Watch Out: RoPE (rotary position embeddings) is applied to query and key projections, not to values. Switching attention variant does not change RoPE behavior, but if you change head dimension during an architecture experiment — for example, by merging heads — you will change RoPE's effective frequency spectrum and contaminate the comparison. Keep (d_h) fixed. Similarly, if you fine-tune from an MHA checkpoint and compare against a from-scratch GQA model, you are measuring checkpoint transfer quality, not architecture quality.
At-a-glance comparison of KV-cache trade-offs
GQA reduces KV-cache memory because it directly reduces the number of K and V tensors that must be materialized and stored per token. Under MHA, every one of the H heads maintains its own K and V projection for every token in the context window. GQA replaces H separate KV pairs with G shared ones, where G < H. MQA takes this to the extreme with G = 1.
| Variant | KV heads per layer | Per-token KV traffic (relative) | Head-sharing degree | Quality vs MHA | Typical production use |
|---|---|---|---|---|---|
| MHA | H | 1.0× | None — each head independent | Reference | Encoder models, smaller decoders, quality-first research |
| GQA (G = H/4) | H/4 | 0.25× | Moderate — H/G query heads per KV | Close to MHA | Llama 3.1 70B, Llama 3.2, most 2024–2025 production LLMs |
| GQA (G = H/8) | H/8 | 0.125× | Higher sharing than H/4 | Moderate degradation | Aggressive throughput targets, very long context |
| MQA | 1 | 1/H × | Maximum — all heads share one KV | Noticeable degradation | Latency-critical edge, extreme cache pressure |
The KV-cache footprint reduction is proportional to the ratio of KV heads to query heads. This is not a free lunch: as G decreases toward 1, each KV head must serve more query heads, reducing the representational diversity available in the attention output. The GQA paper reports that "uptrained GQA achieves quality close to multi-head attention with comparable speed to MQA" — meaning mid-range group counts preserve most of the quality while recovering most of the bandwidth savings.

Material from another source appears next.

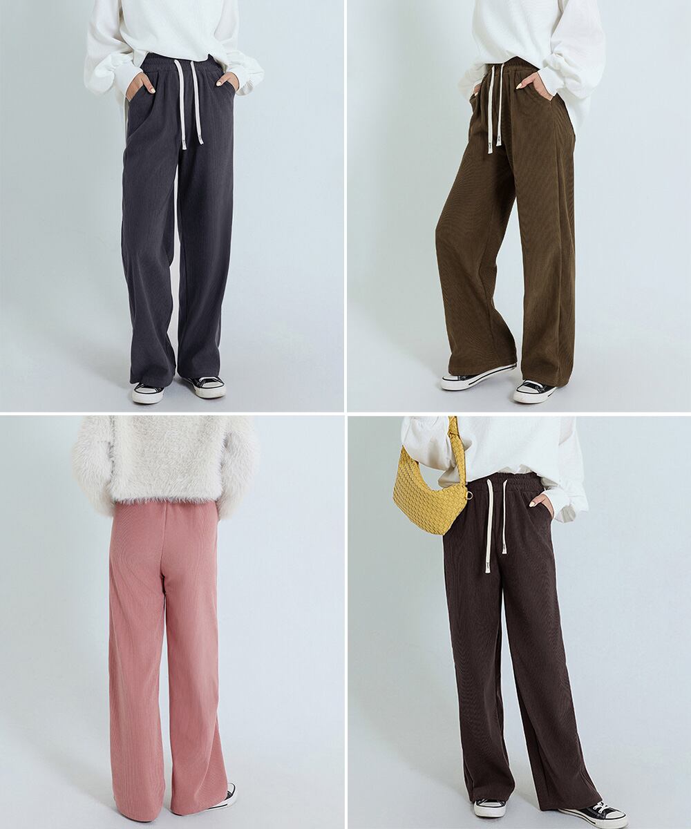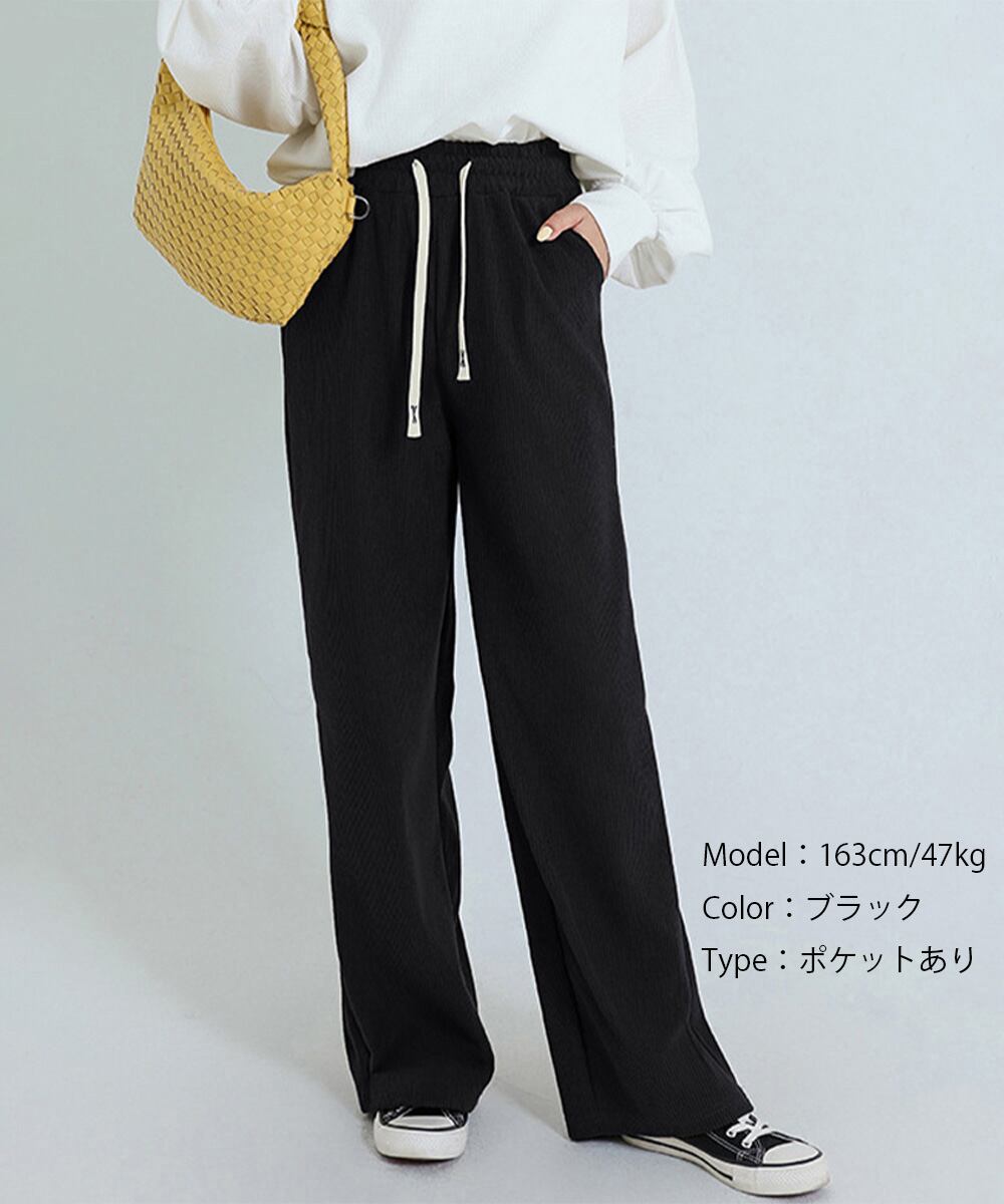 ワイドパンツ レディース ウエストゴム イージーパンツ 大人カジュアル 暖かい ロングパンツ 脚長見せ 韓国風ボトムス

KV-cache footprint per generated token
For a model with $L$ layers, (H_q) query heads, (H_{kv}) KV heads (equal to the number of groups G), head dimension (d_h), sequence length $S$, and a dtype of size $b$ bytes (e.g., $b = 2$ for bfloat16), the KV-cache size for a single sequence is:
$(\text{KV-cache}(S) = 2 \cdot L \cdot H_{kv} \cdot d_h \cdot S \cdot b \text{ bytes})$
The factor of 2 accounts for both K and V tensors. For MHA, (H_{kv} = H_q). For GQA, (H_{kv} = G) where (1 \leq G \leq H_q). For MQA, (H_{kv} = 1).
These values scale linearly with sequence length and with the number of KV heads, so the useful comparison is the ratio rather than a universal GB figure. The exact byte count depends on the model's layer count, head dimension, and serving dtype.
"GQA-1, with a single group and therefore single key and value head, is equivalent to MQA, while GQA-H, with groups equal to number of heads, is equivalent to MHA." — GQA paper, arXiv:2305.13245
These numbers are illustrative; the actual values require your model's specific layer count, KV-head count, head dimension, and serving dtype. Do not use a single universal number across architectures.
Decode-time memory bandwidth pressure
At each autoregressive decode step, the GPU reads the entire KV cache for the current sequence from HBM to compute attention. With a context of $S$ tokens, a single decode step requires:
$(\text{Bytes read per step} = 2 \cdot L \cdot H_{kv} \cdot d_h \cdot S \cdot b)$
This is the same expression as total cache size — every step reads the full cache. Under MHA, this saturates memory bandwidth proportionally to (H_q). Under GQA with (H_{kv} = G), the read burden scales down by (G / H_q). Under MQA, it scales down to (1 / H_q) of MHA.
This bandwidth dependency is the reason attention-variant choice dominates decode-throughput decisions on bandwidth-limited hardware. The NVIDIA H200 delivers 4.8 TB/s of HBM3e bandwidth, which is materially higher than H100-class configurations, but even on Hopper hardware a 70B MHA model at 32k context with large batch sizes can saturate memory reads before saturating compute. The FlashAttention-3 paper notes that FlashAttention-2 achieved only 35% utilization on H100, which reveals that even with tiled kernel optimizations, attention on Hopper-class hardware can remain memory-bound. Reducing (H_{kv}) through GQA or MQA directly cuts the bytes-per-step and shifts the model toward the compute-bound regime where arithmetic intensity improves.
NVIDIA H100 note: The H200 datasheet gives a concrete 4.8 TB/s figure; the H100 SXM5 specification (3.35 TB/s HBM3) was not the primary retrieved source here. Use vendor datasheets for hardware-specific planning rather than estimates derived from this comparison.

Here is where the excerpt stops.